Problem: Read complete schema information from a database using JDBC DatabaseMetaData. Build an in-memory model of tables, columns, types, PKs, and FKs.

schema_reader.kt — real Synthesized.io work
import java.sql.Connection

data class Column(val name: String, val type: String, val nullable: Boolean, val size: Int)
data class PrimaryKey(val columns: List<String>)
data class ForeignKey(
    val name: String,
    val columns: List<String>,
    val referencedTable: String,
    val referencedColumns: List<String>
)
data class TableSchema(
    val name: String,
    val columns: List<Column>,
    val primaryKey: PrimaryKey?,
    val foreignKeys: List<ForeignKey>
)

/**
 * Read all tables from a database schema using JDBC metadata API.
 * Return a map of table_name -> TableSchema.
 *
 * Use: connection.metaData.getTables(), .getColumns(), 
 *      .getPrimaryKeys(), .getImportedKeys()
 *
 * Handle: composite PKs (multiple columns), composite FKs,
 *         nullable columns, different SQL types.
 */
fun readSchema(conn: Connection, schemaName: String = "public"): Map<String, TableSchema> {
    // Your code here
    TODO()
}

// Think about:
// 1. Different databases return different type names (int4 vs INTEGER vs INT)
// 2. Some databases don't support getImportedKeys (need information_schema fallback)
// 3. Virtual FKs — relationships not declared in DB but known to users

Task 6: Data Type Transformer Registry (20 min)

DESIGN PATTERNS KOTLIN

Problem: Design a transformer registry — user configures masking/generation rules per column type (email, phone, name, date, number), engine applies the right transformer to each column.

transformer_registry.kt — OOP/functional design
/**
 * Design a transformer system:
 *   - Each transformer handles one type of data (email, phone, name...)
 *   - User configures via YAML which transformer to use per column
 *   - Transformers must be deterministic (same input -> same output)
 *   - New transformers can be added without modifying existing code
 *
 * Example YAML config (Synthesized's actual format):
 *   tables:
 *     users:
 *       columns:
 *         email:    { transformer: "email_masker" }
 *         phone:    { transformer: "phone_masker", format: "+X XXX XXX XXXX" }
 *         name:     { transformer: "name_generator", locale: "en" }
 *         salary:   { transformer: "numeric_noise", variance: 0.1 }
 *         birth_date: { transformer: "date_shift", max_days: 30 }
 */
sealed interface Transformer {
    fun transform(value: Any?, config: Map<String, Any>): Any?
}

class EmailMasker(private val salt: String) : Transformer {
    override fun transform(value: Any?, config: Map<String, Any>): Any? {
        // implement deterministic email masking
        TODO()
    }
}

class TransformerRegistry {
    // Register and lookup transformers by name
    // Apply the right transformer to each column based on config
    TODO()
}

// Think about:
// 1. How to make this extensible (new transformer types via plugins?)
// 2. Thread safety — transformers called from multiple threads
// 3. How does Synthesized handle cross-table consistency?
//    (same email in users.email and orders.contact_email must mask identically)
Approach for technical interview

Don't memorize solutions — understand the patterns.

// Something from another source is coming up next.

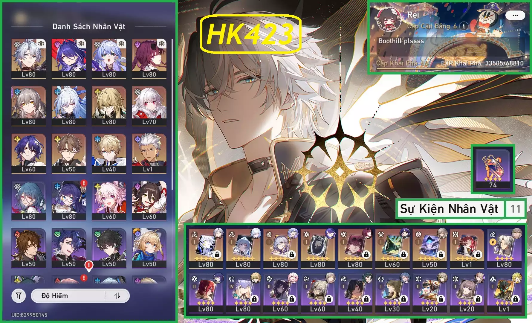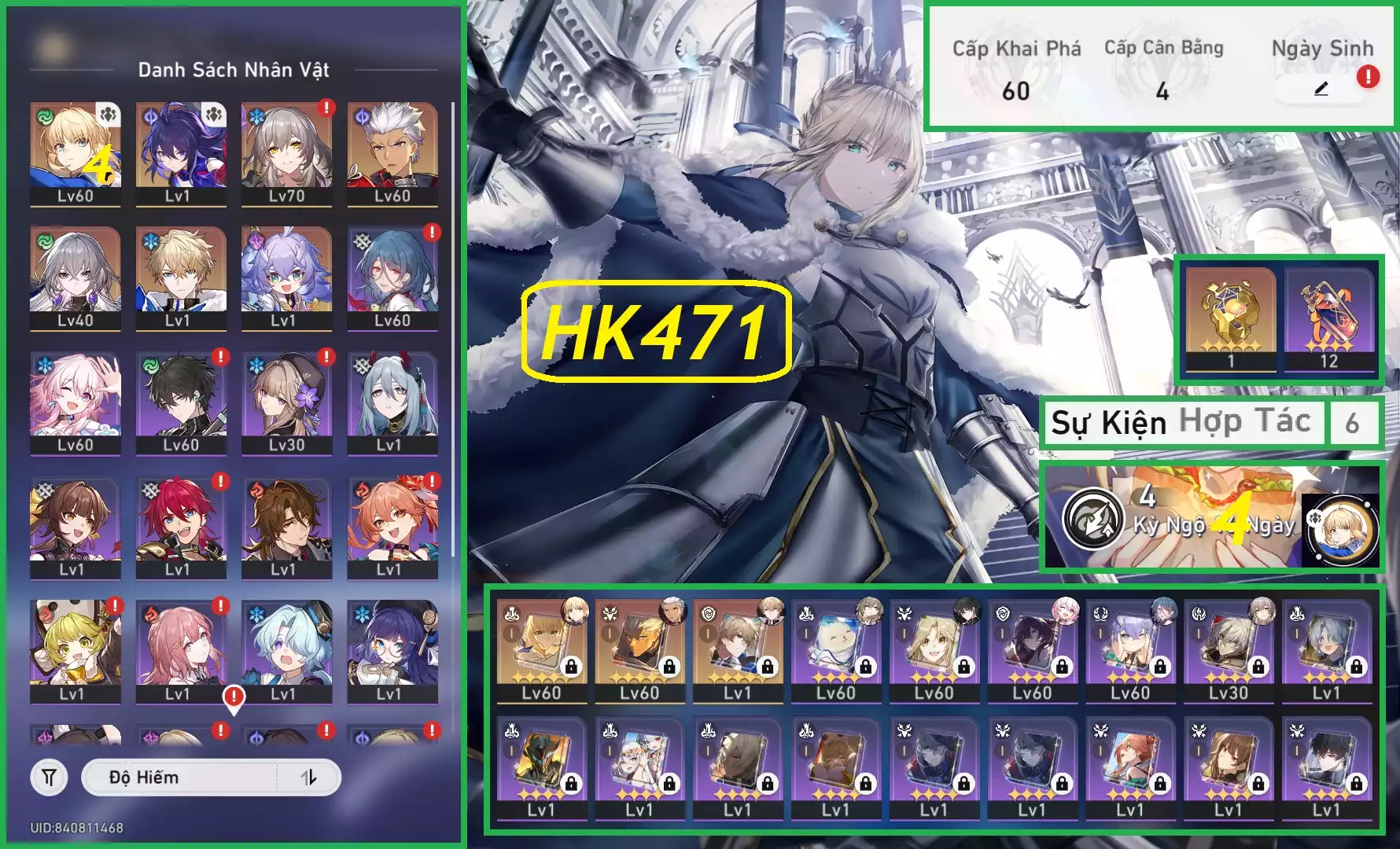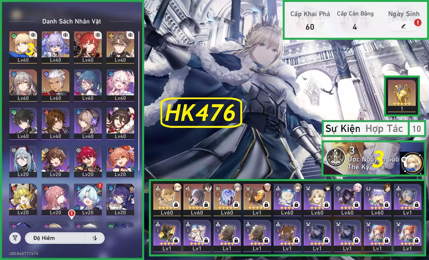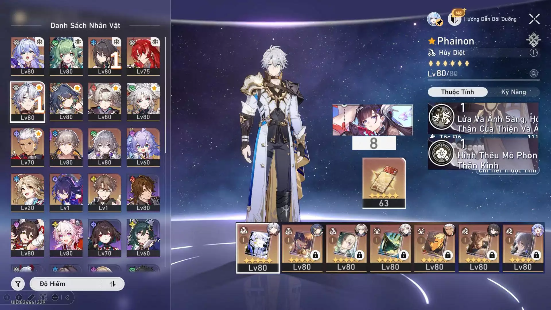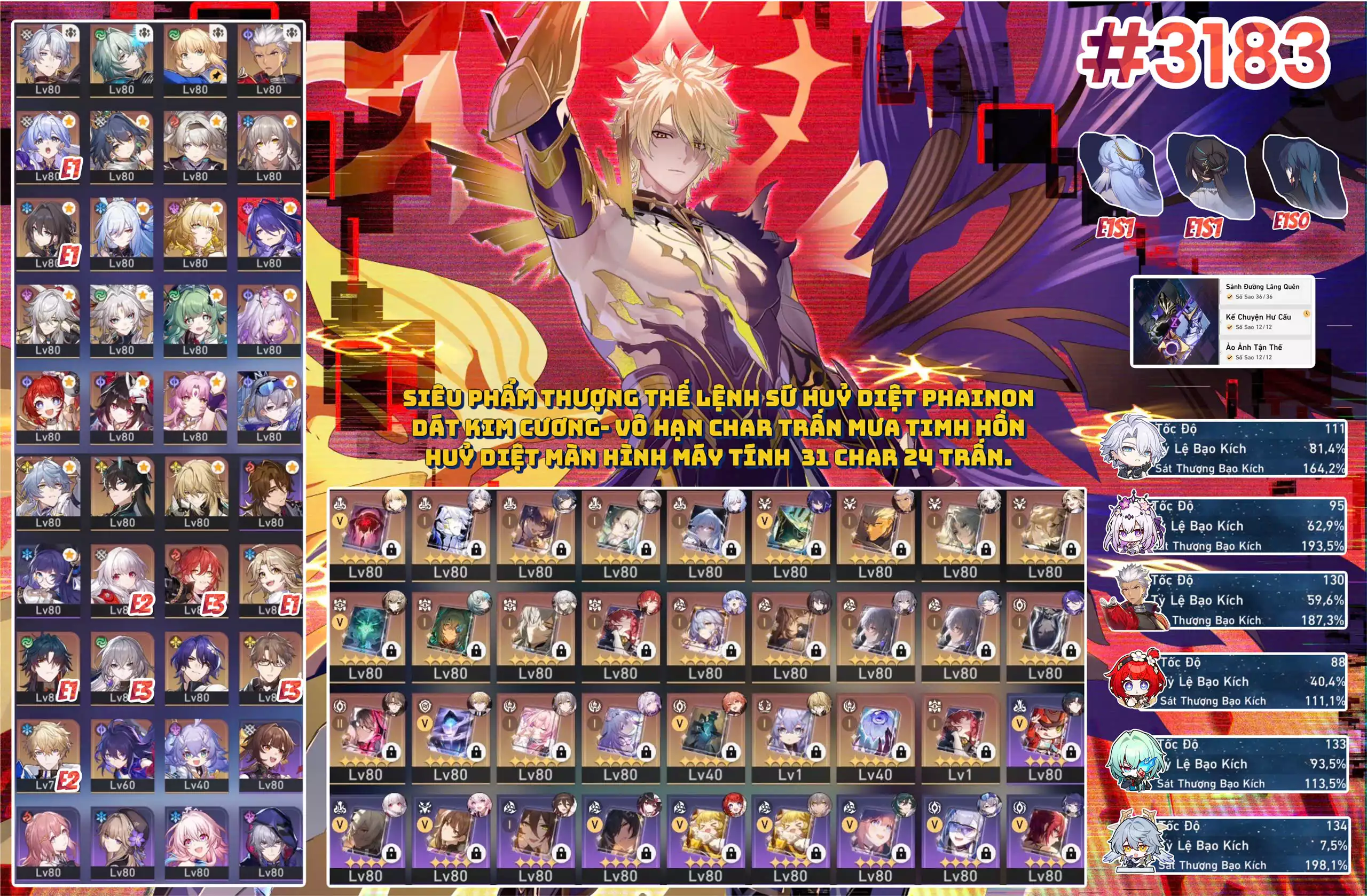 #84791 550,000 AR level 70 Khu Vực asia Tướng 5* 14 VJP : Phainon E1 - dư 6x vé đủ nổ đợi char sp bản sau ( nguồn CN ) Tướng: 14 Vũ khí: 7 Chi tiết

They might ask a variation. The key signals they're looking for:

1. Graph thinking: FK relationships form a DAG. Topological sort, cycle detection, BFS/DFS traversal. You dealt with dependency graphs in trading systems.

2. Performance awareness: fetchSize, batch writes, COPY, off-heap memory, GC pressure. Mention these proactively — it shows you've worked with large data.

3. Database internals: JDBC metadata API, differences between PostgreSQL/MySQL/Oracle type systems, MVCC, streaming vs buffered results.

4. Concurrency patterns: producer-consumer, bounded queues, thread safety, graceful shutdown. Raw Java preferred over coroutines for this role.

5. Domain knowledge: referential integrity in masking, deterministic transformations, consistent subsetting. Shows you understand the business problem.